How do I find out if the entirety of a collider (all of it’s points) are inside a trigger? This so that that the code inside the trigger will only fire once the collider is completely inside.
For discussion: “Trigger” = the larger “range” collider and “Collider” = the object you are trying to detect.
First, I should point out that if the trigger is a sphere, making it smaller should work pretty much the same way, though I guess if the colliders you are trying to detect are different sizes, and that is important, then you need the solution you are asking about.
One workaround might be to use 4 really small colliders placed around the object and don’t fire unless all 4 enter. Workarounds really depend on exactly what you are trying to do in your game. I know this doesn’t answer your question exactly, but it doesn’t hurt to think outside the box a little if you don’t really need the perfect solution.
Back to the original question… What about the other way around? If a collider passes through ‘the wall’ of another collider, does it trigger the exit event (it has been a year since I touched it but I think it might)? If it does, you could compare the two: if the collider triggers on exit, but it is still inside the trigger, then that would do it… does that make sense?
If you want to verify one side of the trigger, you can use two triggers - pre and main.
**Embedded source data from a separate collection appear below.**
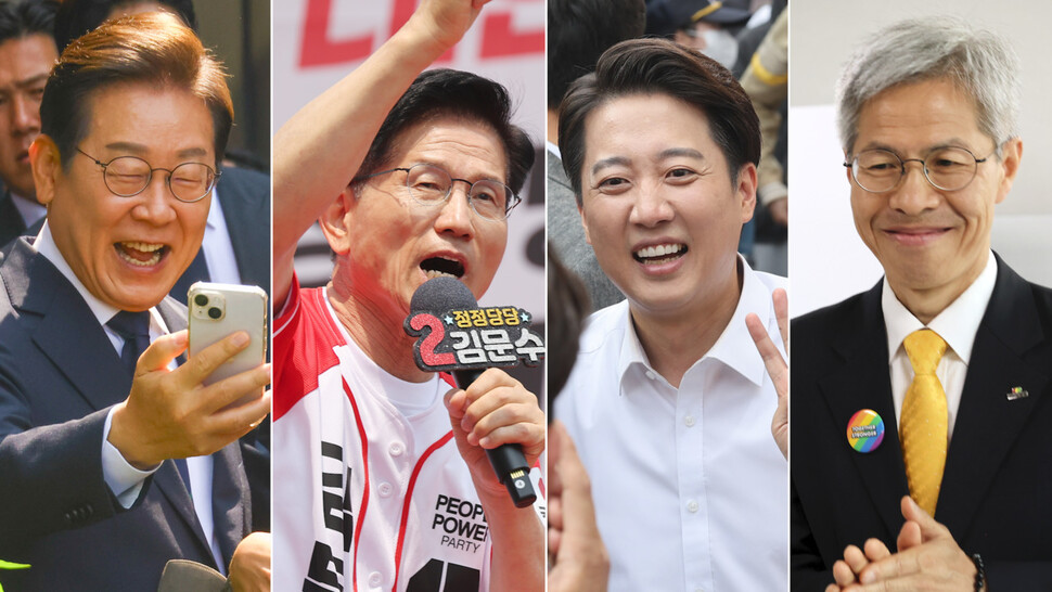 물론 약 2주전까지 이 후보가 50% 지지율을 넘긴 반면 김 후보는 20%대를 넘지 못하는 조사 결과가 쏟아지던 때보다는 전반적으로 격차가 줄어들었습니다. 윤석열 탈당과 한동훈 전 대표의 유세 가세 등으로 어느 정도 보수 결집이 이뤄지면서 벌어진 현상으로 풀이됩니다. 이재명 후보의 커피 원가 발언과 ‘호텔 경제학’ 예시, 민주당의 대법관 증원 법안 등에 대한 보수 후보들과 매체의 공세가 거세진 것도 같은 시기의 일입니다.
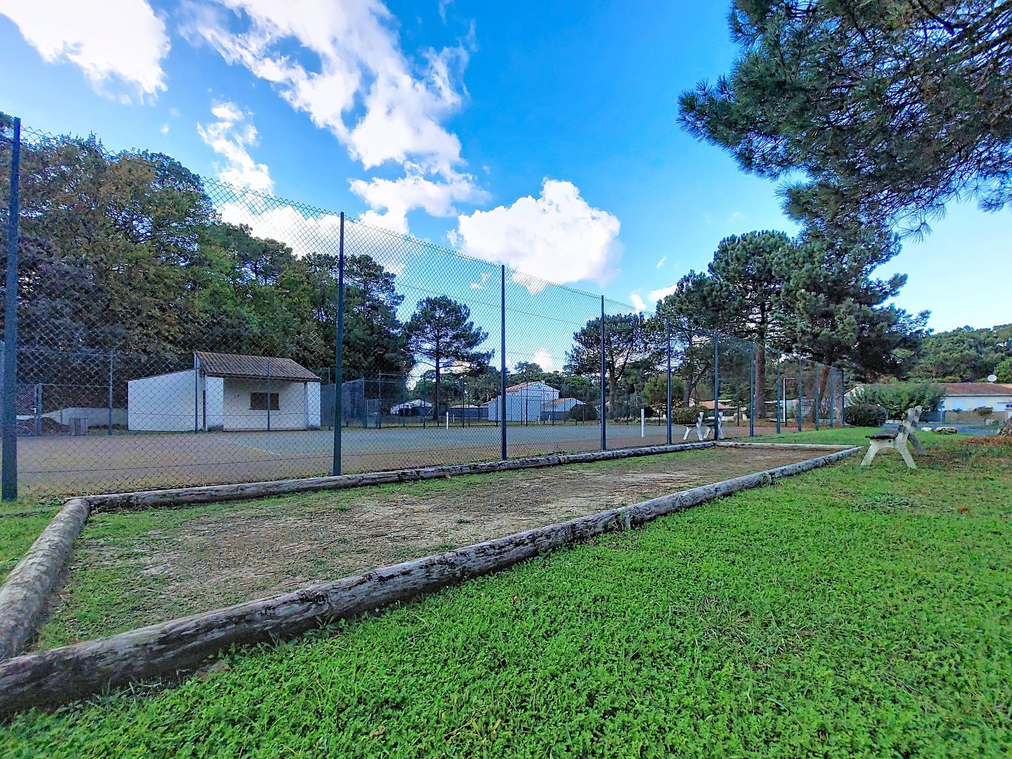 La Palmyre: Single-family house "Les Alouettes". In the resort 1 km from the centre of La Palmyre, in a quiet position in the residential district, 1.7 km from the sea, 1.7 km from the beach, south-west facing position. Private: natural state property 570 m2 (fenced), trees, parking. Shop 1 km, grocery 1 km, supermarket 1 km, bakery 1 km, café 1 km, bus stop "Office de tourisme" 1 km, railway station "Royan" 18 km, sandy beach "La Palmyre" 1.7 km. Sports harbour 1.7 km, golf course (9 hole) 900 m, surf school 1 km, tennis 150 m, riding stable 1.7 km. Nearby attractions: Zoo de La Palmyre 1.1 km, Hippodrome - La Palmyre 700 m, Zagal Cabaret - La Palmyre 1.9 km, Luna Park (Juillet - Août) 5 km, Port La Tremblade - Boyard / Ile d'Aix 12 km, Golf La Palmyre 2 km. The keys‘ handover takes place by the agency Interhome in La Palmyre, 1 km.
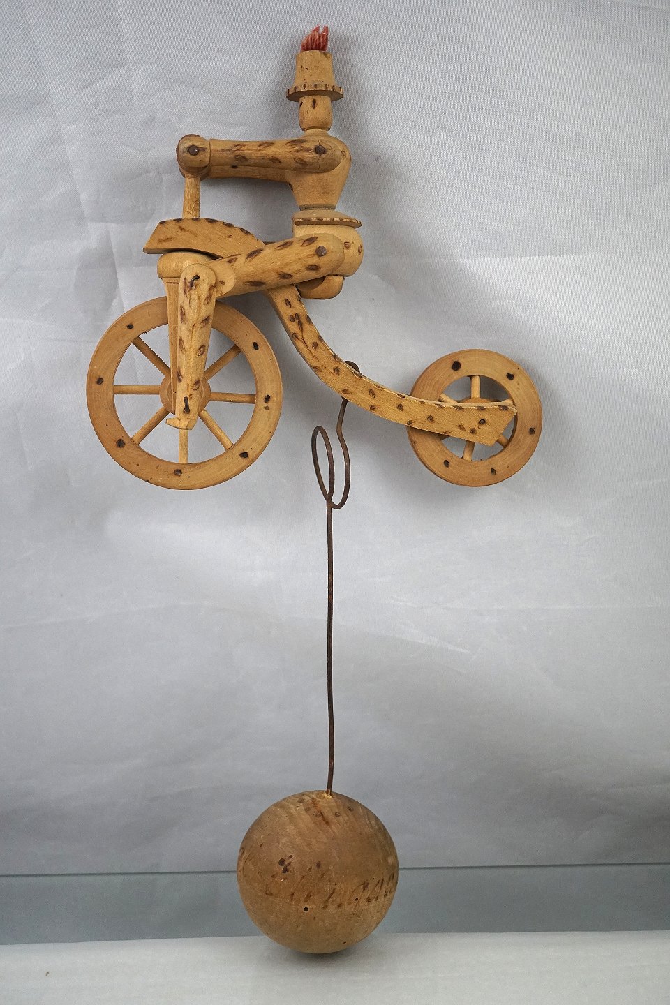 Cykelmand i træ. Cyklen er beregnet til at glide på en udspændt snor, der er en kugle nederst, for at holde balancen. Cykel og mand er lavet i træ

When the object leaves the pre trigger AND is inside the main trigger you can fire your action.
Create a thin pre trigger (about 1 to 2 units thick) and place it right before the main trigger, then attach this script, called PreTrigger.js:
var exitCol: Collider;
function OnTriggerExit(col:Collider){
exitCol = col;
}
And attach the following script to the main trigger:
var preTrigger1: GameObject; // drag the pre-trigger here
function OnTriggerStay(col:Collider){
var preScript = preTrigger1.GetComponent(PreTrigger); // get the pre-trigger script
if (col == preScript.exitCol){ // this object left pre trigger?
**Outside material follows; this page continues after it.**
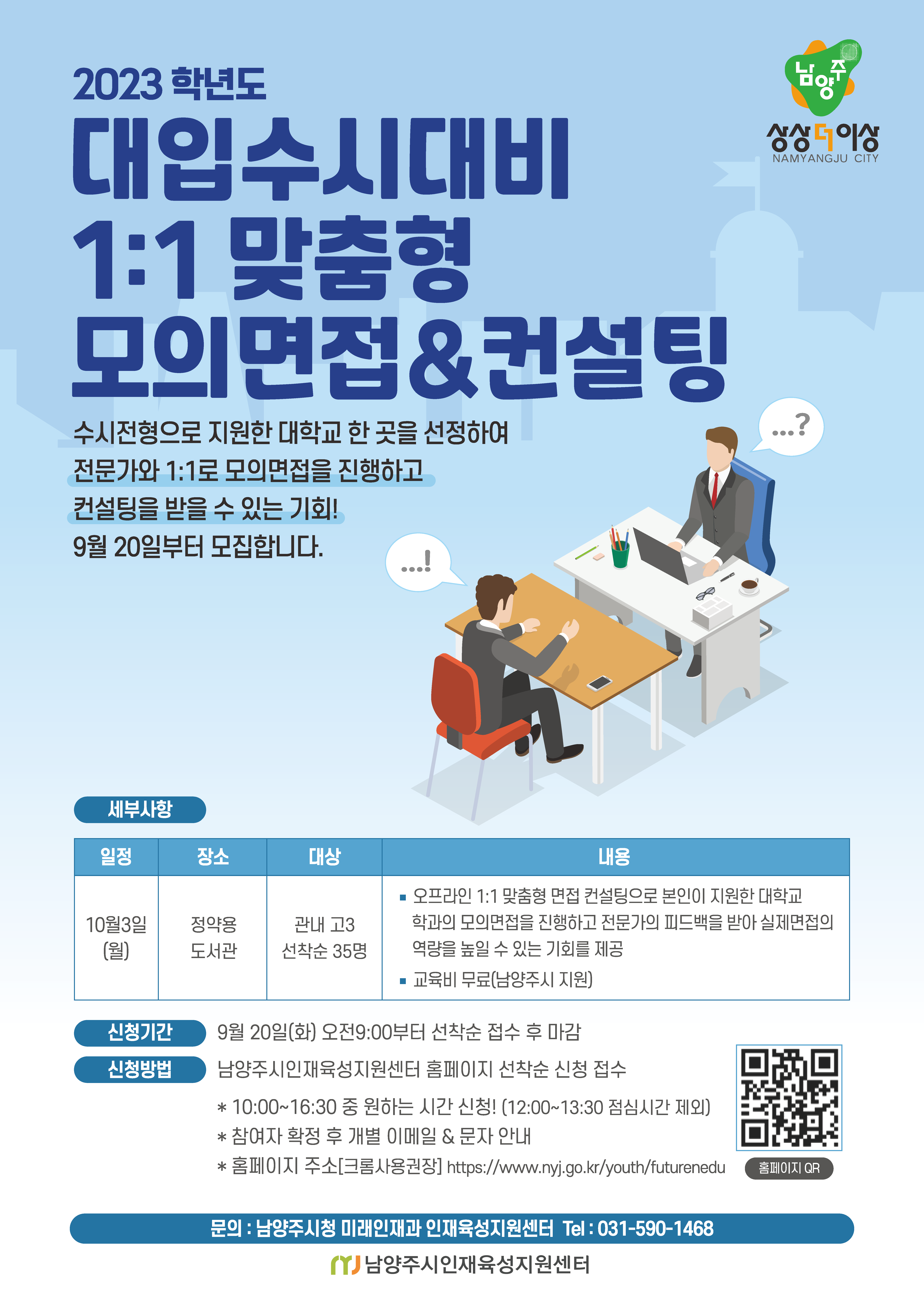 인재육성지원센터 [인재육성지원센터] (오프라인)대입수시 1:1면접컨설팅 참여자 모집
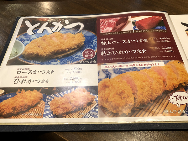 オーソドックスにこちらのメニューからロースかつ定食を注文。

preScript.exitCol = null; // avoid repetition
// the object is completelly inside; do whatever you want here
}
}
You may also have other pre-triggers for other sides - just create additional variables preTrigger2, preTrigger3 etc. and repeat the code for each one in the OnTriggerStay event.
a more complete (and more complex) solution would be to check if your collider is on the trigger (OnTriggerStay) overlap and compare the bounds’s position with the trigger position.
This requires much more tweaking, so if you don’t need that much precision, Aldo’s multiple trigger can do the trick, and since you can use TriggerExit and TriggerEnter, it is less costly.